- Born: Seth Deepak Kumar Perwani 25 December 1973 (age 52) Mirpurkhas, Sindh, Pakistan
- Occupations: Fashion designer; actor; model;
- Years active: 1994–present
- Relatives: Naveen Perwani (cousin)
- Website: deepakperwani.com

= Deepak Perwani =

Pakistani fashion designer and actor (born 1974)

Deepak Perwani (born 25 December 1973) (ديپڪ پرواني Urdu: دیپک پروانی) is a Pakistani fashion designer and actor. In 1996, he introduced the fashion label Deepak Perwani (DP) as a bridal and formal wear couture house.

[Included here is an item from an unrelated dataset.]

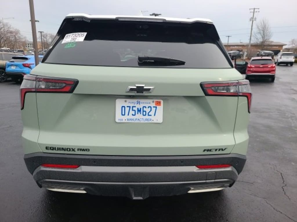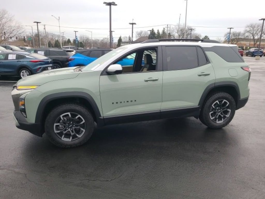 Low Miles, CarBravo Certified, AWD, Backup Camera, Remote Start, Pwr Dr Seat, Forward Collision Alert, Navigation, Side Blind Zone Alert, Rear Cross Traffic Alert, Lane Departure Warning, Lane Change Alert, Lane Keep Assist, Rear Park Assist, Adaptive Cruise Control, Heated Seats, Heated Steering Wheel, Ventilated Seats, Memory Seating, Power Liftgate, Apple CarPlay, Aluminum Wheels, Carfax Buyback Guarantee, Equinox ACTIV, 4D Sport Utility, 1.5L DOHC, 8-Speed Automatic, AWD, Cacti Green, Maple Sugar w/Sueded Microfiber Seat Trim, 2-Way Power Driver Lumbar Control Seat Adjuster, 4-Wheel Disc Brakes, 6 Speakers, ABS brakes, Air Conditioning, AM/FM radio: SiriusXM, Auto High-beam Headlights, Automatic temperature control, Brake assist, Bumpers: body-color, Compass, Convenience Package III, Driver 8-Way Power Seat Adjuster, Driver door bin, Driver vanity mirror, Dual front impact airbags, Dual front side impact airbags, Electronic Stability Control, Emergency communication system: OnStar and Chevrolet connected services capable, Four wheel independent suspension, Front anti-roll bar, Front Bucket Seats, Front Center Armrest, Front dual zone A/C, Front Fog Lamps, Front Passenger 2-Way Power Lumbar Seat Adjuster, Front Passenger 8-Way Power Seat Adjuster, Front reading lights, Fully automatic headlights, Garage door transmitter, HD Surround Vision, Heated door mirrors, Heated Driver & Front Passenger Seats, Heated Rear Outboard Seating Positions, Heated steering wheel, Illuminated entry, Low tire pressure warning, Memory Settings, Navigation System, Occupant sensing airbag, Outside temperature display, Overhead airbag, Overhead console, Passenger door bin, Passenger vanity mirror, Power door mirrors, Power driver seat, Power Liftgate, Preferred Equipment Group KDZ, Premium audio system: Chevrolet Infotainment 3 Plus, Radio data system, Radio: 11.3 Diagonal Advanced Color LCD Display, Rain sensing wipers, Rear anti-roll bar, Rear Camera Mirror Washer, Rear Pedestrian Alert, Rear reading lights, Rear seat center armrest, Rear window defroster, Rear window wiper, Remote keyless entry, Safety & Technology Package, Security system, SiriusXM, Speed control, Speed-sensing steering, Split folding rear seat, Spoiler, Steering wheel mounted audio controls, Sueded Microfiber Seat Trim, Summit White Mirror Caps, Summit White Roof, Tachometer, Telescoping steering wheel, Tilt steering wheel, Traction control, Traffic Sign Recognition, Trip computer, Universal Home Remote Non-Functional, Variably intermittent wipers, Ventilated Driver Seat, Ventilated Front Passenger Seat, Wheels: 17 Dark Android Machined-Face Aluminum. 2025 Chevrolet Equinox Cacti Green ACTIV 4D Sport Utility AWD 8-Speed Automatic 24/29 City/Highway MPG 1.5L DOHC

The Bulgarian Fashion Awards named Perwani the sixth-best fashion designer in the world in 2014.

Perwani's accolades include seven Lux Style Awards and a Guinness World Record for designing the largest kurta in the world. He has been Pakistan's cultural ambassador to China and Malaysia, and regularly represents the country's fashion scene at local and international events. He has designed for high-profile figures such as Javed Akhtar and Shabana Azmi, among other celebrities. Additionally, Perwani has acted in a few TV shows and films, having made his debut in the drama Mere Paas Paas (2004–05).

==Life and career==
Perwani was born in 1974 in a Sindhi Hindu family of Pakistan, and was raised in Mirpurkhas. His cousin, Naveen Perwani, is a snooker player who has represented the country globally in several tournaments. Deepak pursued a year-long course in Fashion Institute of Technology, New York, before returning to Pakistan in 1994. In 1996, Perwani introduced his own fashion label, Deepak Perwani (DP), as a bridal and formal wear couture house and also opened a flagship store in Zamzama.

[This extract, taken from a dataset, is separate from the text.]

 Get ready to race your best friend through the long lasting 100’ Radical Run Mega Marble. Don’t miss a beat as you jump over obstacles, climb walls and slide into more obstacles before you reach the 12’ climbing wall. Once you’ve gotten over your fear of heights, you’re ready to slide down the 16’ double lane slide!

In his career, he has collaborated with international brands such as Mercedes-Benz, Benson & Hedges and Hugo Boss. Perwani holds a Guinness World Record for designing the largest kurta in the world—that took a team of fifty professional tailors and thirty days to make it, weighing 800 kg, 101 feet tall and 59 feet 3 inches wide, with each sleeve being 57 feet long.

Perwani has been Pakistan's cultural ambassador to China and Malaysia, the brand ambassador for the World Gold Council, and is also a member of South Asia Free Media Association (SAFMA). He has won seven Lux Style Awards, five BFA awards, and one Indus Style Guru Award.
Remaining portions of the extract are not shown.